The proposal from the STB would increase its authority over revenue adequacy requirements. This would give the STB more control over freight rail prices based on its determination of a fair rate of return on a company’s investments. Like ‘rate of return regulations’ of the past, if a company invests more it is allowed to earn more, even if the investments aren’t useful. If this occurs, prices for shipping will rise, encouraging shippers to switch to trucks and other modes of freight transportation. Previously, this created a feedback loop. As prices increased shippers switched to trucks necessitating even higher prices, causing a death spiral for the freight rail industry in the 1970s and a run of bankruptcies.
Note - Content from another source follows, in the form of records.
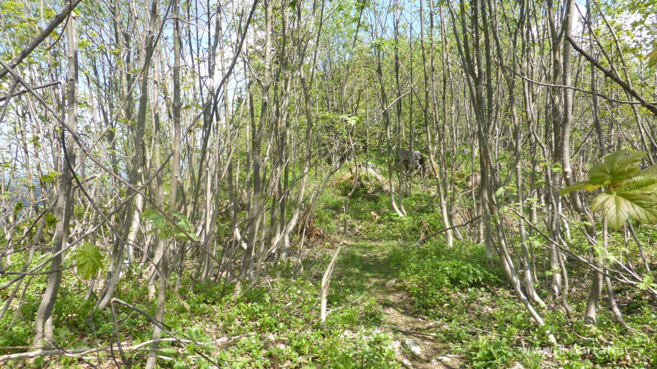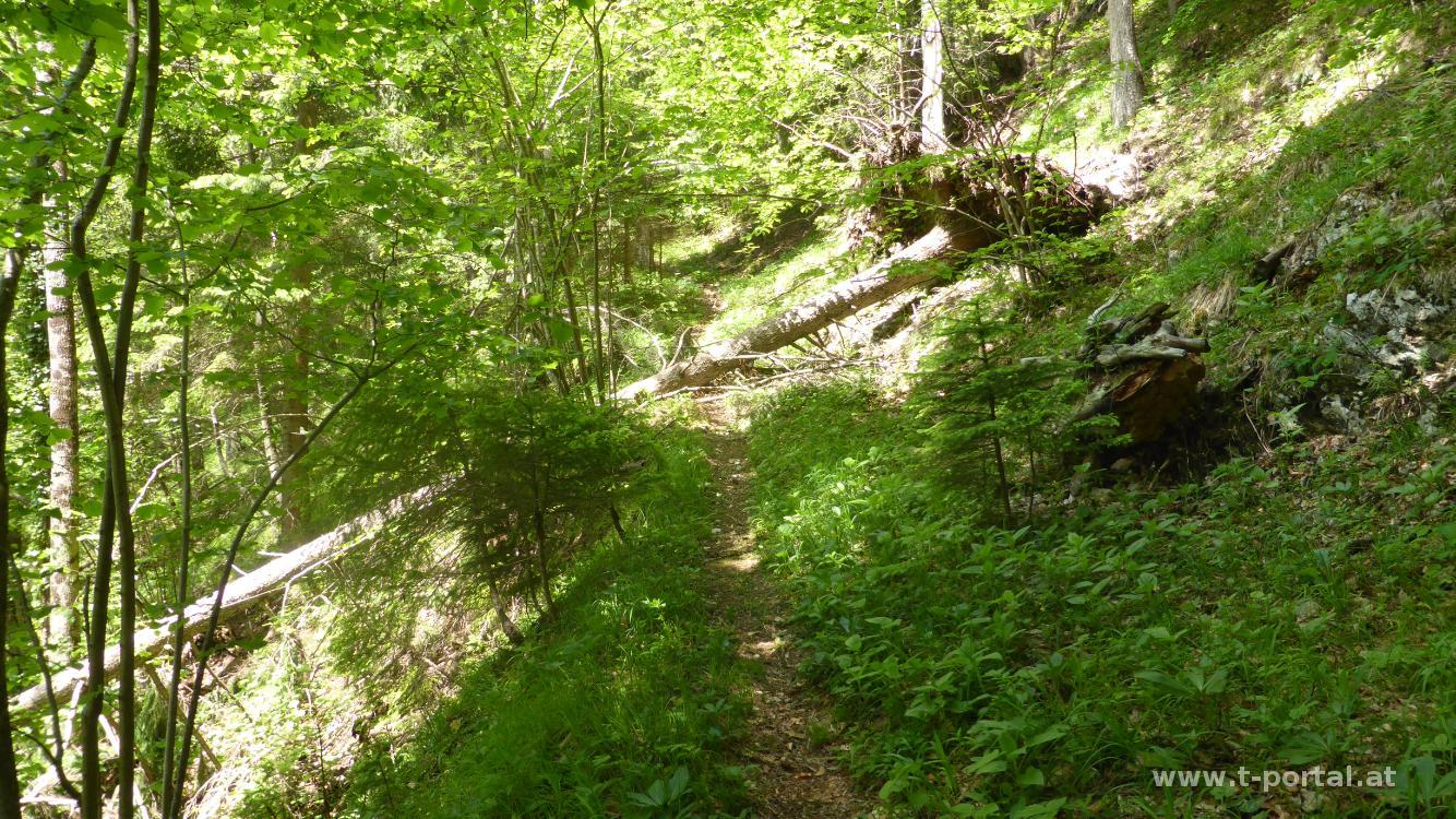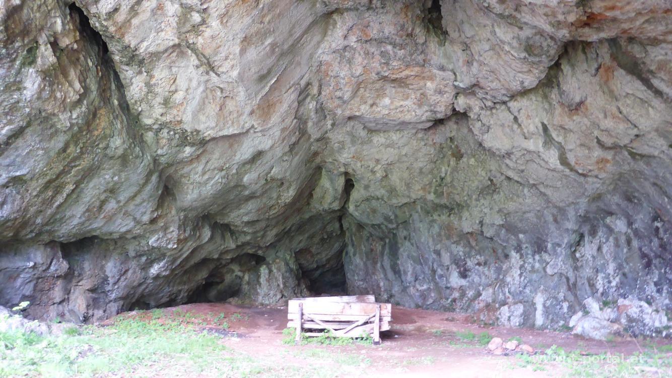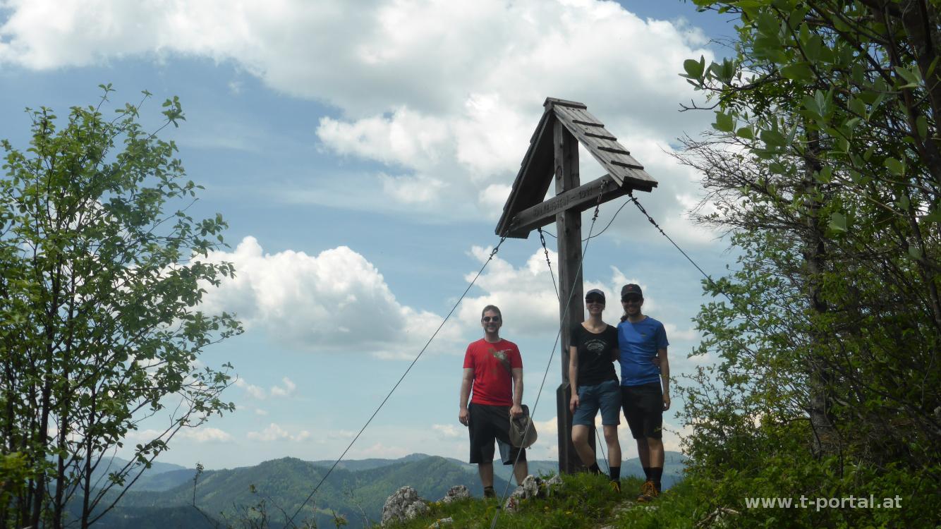 Für die heutige Tour haben wir uns den Falkenstein und den Handlesberg ausgesucht. Mit dabei sind Stefan und Klaudia als Training für unsere sommerliche Wanderwoche. Wir parken beim geschlossenen Gasthof Gruber und wandern von dort ein Stück die Straße entlang und bald nach links hinauf in den Wald. Nun auf schönem Waldweg hinauf bis zu einer Forststraße. Gegenüber dieser geht es gleich noch ein Stück weiter bis zur großen Herrengrotte. Nach Besuch dieser wieder zurück zur Straße, ein Stück weiter und über zwei Leitern zur deutlich kleineren Frauengrotte (anderswo auch Pfeiferloch benannt). Nun folgen wir ein Stück der Forststraße, biegen wieder in den Wald ab und steigen durch diesen weiter auf. Wieder erreichen wir eine Straße, der wir ein Stück folgen und bei einer Linkskurve geradeaus über eine Wiese weiter gehen. Der früher noch mehr ausgeprägte Trampelpfad ist derzeit nicht wirklich zu sehen, also gehen wir durchs nicht so hohe Gras hinab.
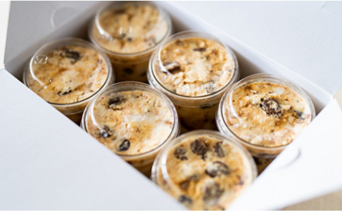香ばしいクルミとアーモンドをキャラメルでコーティングした「プラリネ」と香り高い洋酒でマリネしたレーズンを厳選した生クリームとメレンゲで合わせたひと味違った冷凍のまま食べるムース菓子。
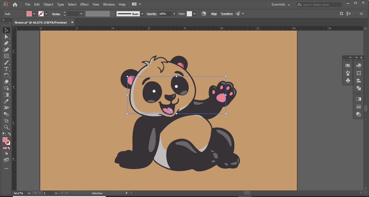 প্রথমে এডোবি ইলাস্ট্রেটর সিসি সফটওয়্যারটি অপেন করে নিউ ফাইল থেকে একটি ডকুমেন্ট নিয়ে নিলাম। আমি আজকে যে চিত্রটি অঙ্কন করবো তার জন্যে নির্ধারিত কোন সাইজ নেয় নি। আমি আমার সুবিধা মতো একটি সাইজ নিয়ে ডকুমেন্ট রেডি করে টোলবার থেকে পেন টুল নিয়ে পান্ডার মাথার চুলের অংশটা অঙ্কন করলাম।
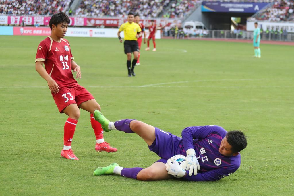 6月15日,镇江队客场0:1不敌徐州队,门将沈帅帅(下)在比赛中扑救。新华社发(白雪摄)
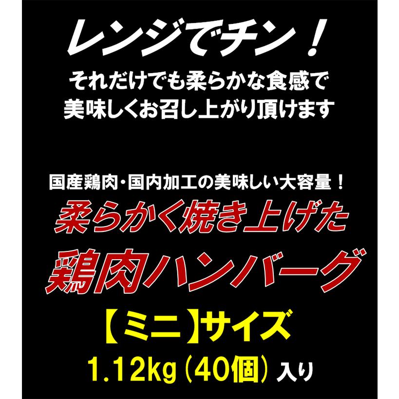 ハンバーグ やわらか鶏肉ハンバーグミニ 1.12kg 40個入り 肉 鶏肉 惣菜 お弁当 冷凍 国産 国産鶏肉 国内加工
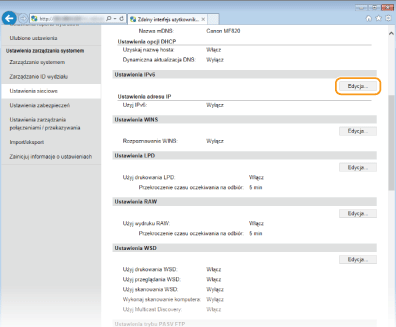 Kliknij element [Edycja...] znajdujący się w sekcji [Ustawienia IPv6].
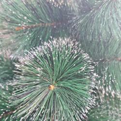 Заснежена коледна елха с бели връхчета и здрава стойка
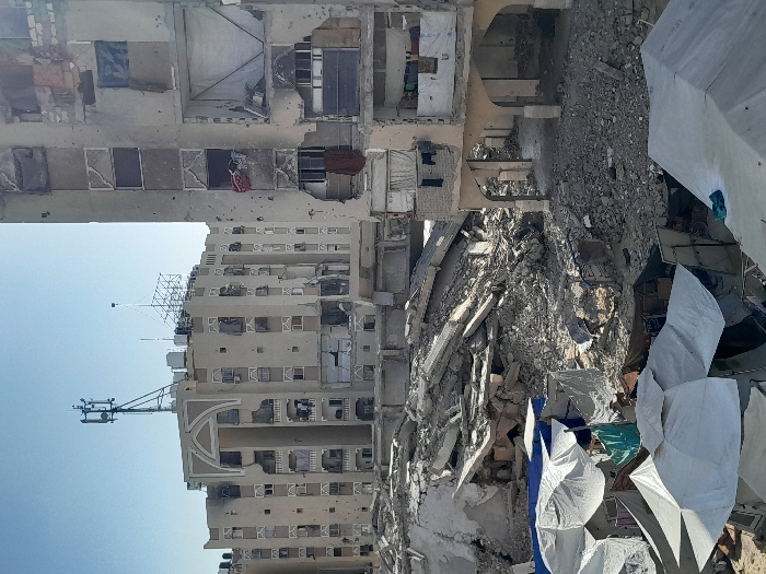 - "The image depicts a devastated urban environment in Khan Yunis, Palestinian Territory, under a clear blue sky" by FM-V8KrL2, licensed under CC BY 4.0
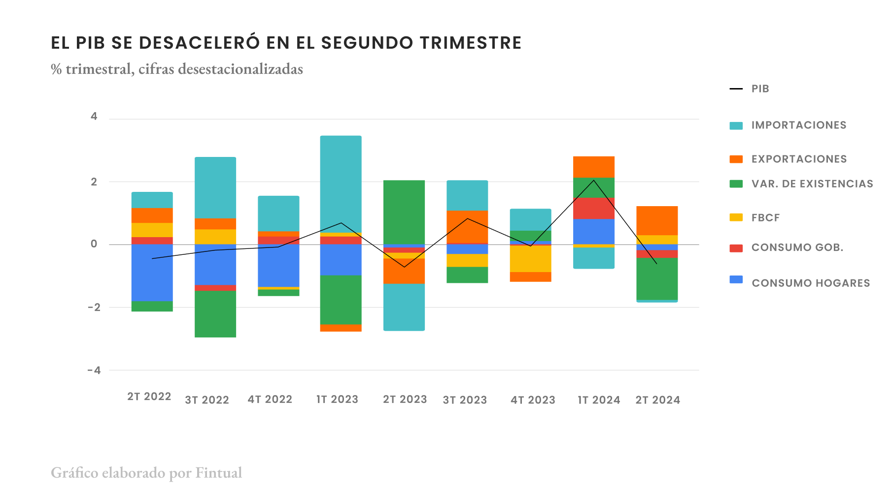 Al interior del consumo, el de los hogares se contrajo -0,3% en el trimestre, mientras que el consumo de gobierno cayó -1,6% en el mismo periodo, después de expandirse más de 4% en el primer trimestre. Por su parte, la formación de capital se expandió 1,4% en el trimestre, principalmente por mayor inversión en maquinaria y equipo. Todo esto con cifras ajustadas por estacionalidad.

Some requirements are proposed in the name of safety, such as two-person crews. But there is no evidence that mandated two-man crews will increase safety. Two-person crews are already standard for all large railroads. The recent derailment in East Palestine had a three-person crew at the time of the accident. The main cost of this will fall on small railroads and will ultimately raise shipping costs. Deregulation is what led to increases in safety after 1980 and by many metrics freight rail just had its safest year.

Both President Biden’s executive order and the STB proposals would increase the STB’s power to force reciprocal switching agreements. This is when one rail company is required to allow others to use their private infrastructure. When this occurs, it disincentivizes track operators from investing in their infrastructure and competitor investments, thereby limiting innovation and industry growth. The telecommunications industry provides a clear example of the failure of open-access regulatory policies.

Senator Baldwin’s bill would increase the STB’s authority to manage freight rail operations including train schedules, employment levels, equipment availability, and more. Ultimately, these requirements drive up the cost of shipping, which is then passed on to customers at higher prices for the goods they buy. Instead of serving consumers, the bill would grant advantages to shippers to engage in rent-seeking and use the STB force shipping terms on rail providers. While the bill looks to improve safety, by cutting rail investments the exact opposite will occur.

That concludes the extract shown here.